SOURCE RECORDS Start Marker

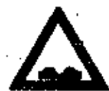
Un simbolo più plausibile

La Gazzetta di Egalia non si preoccupò neppure di recensire il libro. La maggior parte delle collaboratrici di questo giornale solevano leggere libri di questo tipo a casa sotto le coperte. La prima frase del libro, "Dopo tutto sono le donne che partoriscono la prole," ripetuta successivamente fino alla noia, era già di per sé sintomo di repressione sessuale. Come se il partorire fosse qualcosa di sospetto! O come se fosse pensabile che un'opinione del genere potesse trovar posto in un'argomentazione logica e seria! Data la reputazione del quotidiano come organo obiettivo e razionale della madrematria per tutte le questioni importanti, il libro non venne neppure nominato.
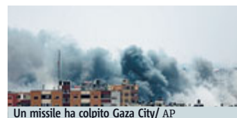
Un missile ha colpito Gaza City
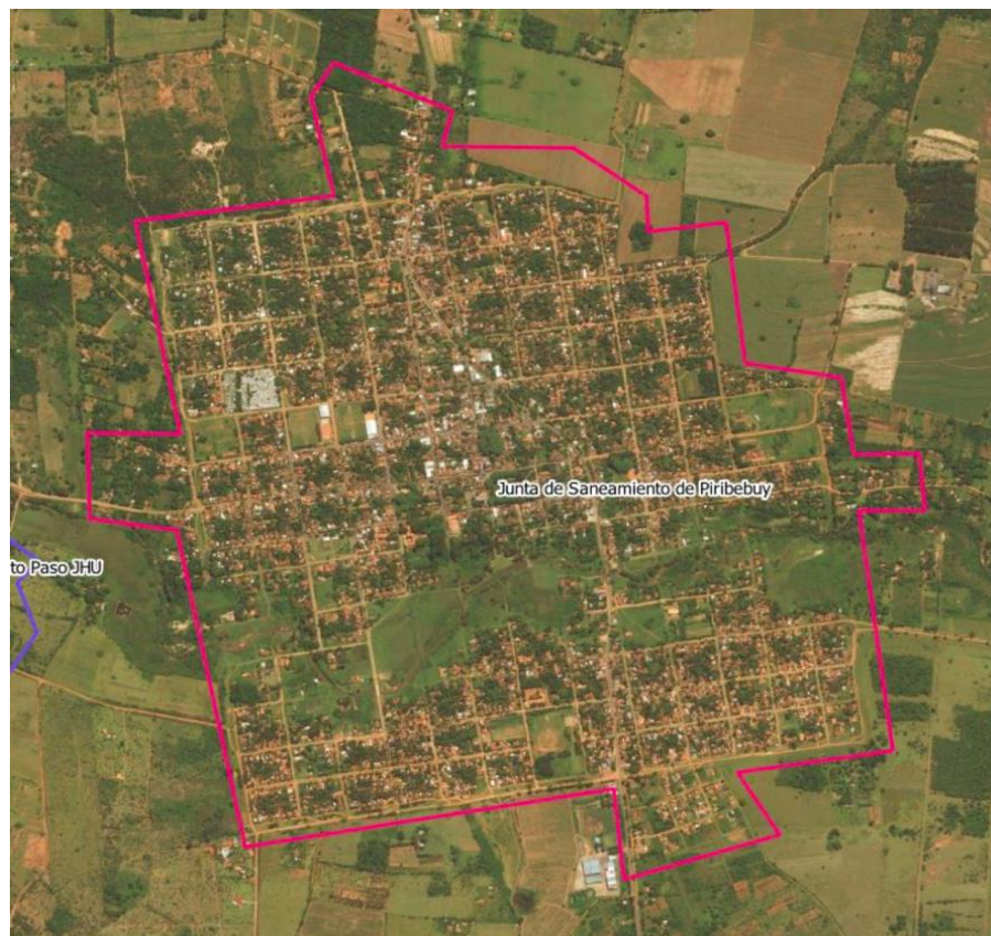
Delimitación tentativa del área de proyecto - Ciudad Piribebuy

Respuesta 13: El área de proyecto se definirá teniendo en cuenta el casco urbano más densamente poblado de cada ciudad, la delimitación tentativa se señala en los mapas que se presentan a continuación. De acuerdo a las necesidades particulares de cada municipio, estas áreas podrán incrementarse hasta un 20%, sin que ello implique costos adicionales para la contratante.
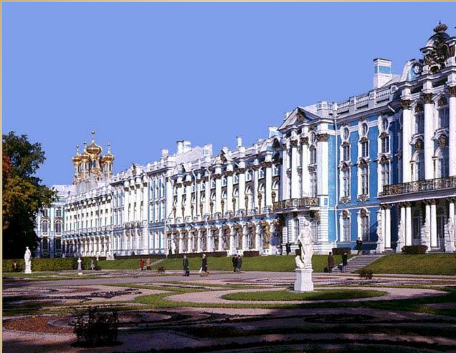
Екатерининский дворец Браунштейн, Квасов, Чевакинский, 1717-1756 Санкт-Петербург
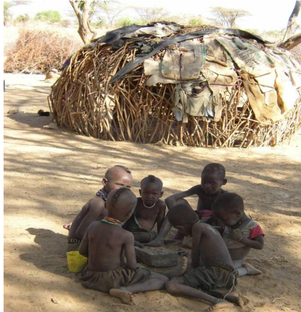
Kinder sind besonders betroffen von den Folgen der Dürre und des Hungers
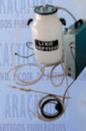
Bomba a Vácuo

SOURCE RECORDS End Marker

Among the lines above, find those carrying the word "proyecto" and copy them out.

Delimitación tentativa del área de proyecto - Ciudad Piribebuy
Respuesta 13: El área de proyecto se definirá teniendo en cuenta el casco urbano más densamente poblado de cada ciudad, la delimitación tentativa se señala en los mapas que se presentan a continuación. De acuerdo a las necesidades particulares de cada municipio, estas áreas podrán incrementarse hasta un 20%, sin que ello implique costos adicionales para la contratante.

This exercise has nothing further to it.